Spot gold and silver prices slid on Monday as rising Treasury yields and oil costs forced investors to prioritize Federal Reserve tightening risks over geopolitical instability. While Middle East tensions initially sparked haven demand, the market quickly pivoted to interest rate sensitivity, leaving precious metals under pressure despite ongoing transit concerns.

The shift in sentiment followed a recovery in U.S. equities, with the Dow Jones Industrial Average closing above 52,000. Investors grew optimistic that U.S.-Iran negotiations would resume, mitigating fears of a total closure of the Strait of Hormuz. Although traffic through the waterway remains restricted—dropping to 22 crossings on Sunday—the market treated the situation as an impairment rather than a blockade. This allowed risk appetite to return, pushing the Nasdaq Composite up 2.1%.

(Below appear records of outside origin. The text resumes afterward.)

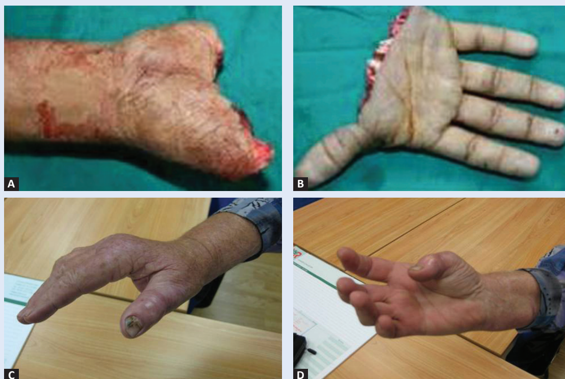
Slika 1. A i B) Traumatska metakarpalna amputacija; C) Funkcijski rezultat nakon replantacije – pronacija; D) Funkcijski rezultat nakon replantacije – supinacija.

Većina "velikih" amputacija također se javlja na radnom mjestu. Veliki industrijski strojevi, indu-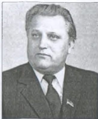
Міністр освіти Української РСР М. В. Фоменко

– Найбільше турбувала проблема вчительських кадрів, поліпшення якості їх підготовки. Без кваліфікованого вчителя годі й думати про підвищення рівня навчання і виховання учнів у школах. Це – аксіома. Тоді ще значна частина вчителів не мала педагогічної освіти. Збільшити кількість учителів не давали змогу слабкі бази педінститутів і педучилищ. Багато навчальних корпусів педінститутів збудовано саме в той період. Для цього, крім додаткових капіталовкладень, які виділяла держава, використовувались усі можливі шляхи: добудови, передача приміщень, навіть будівництво за рахунок коштів, що виділялись для шкіл. І це дало свої результати. Навчальні заклади і університети направляли до шкіл майже 30 тисяч учителів, поліпшилось забезпечення їх квартирами, підвищилася заробітна плата. В школах уже не було педагогів із загальною середньою освітою.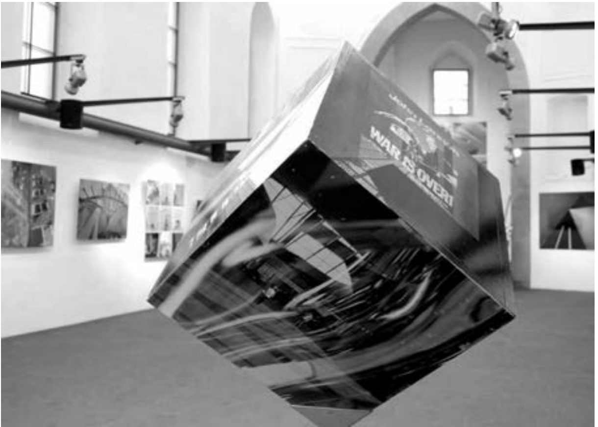
Blick in die Ausstellung von Harald Müller-Wünsche im Spitäle

Precious metals struggled to capitalize on the regional volatility because traders remained tethered to the latest FOMC projections. Following the June 17 decision to hold rates between 3.50% and 3.75%, the Fed raised its 2026 funds-rate outlook to 3.8% and PCE inflation projections to 3.6%. The 10-year Treasury yield surged to 4.377%, while WTI crude settled at $70.75 a barrel. For gold, this combination of higher yields and inflation-sensitive oil prices acted as a stronger anchor than the fading haven bid. Spot gold recently traded near $4,015.60 an ounce, while silver hovered at $58.180, highlighting a market driven by rate-path repricing rather than defensive hedging.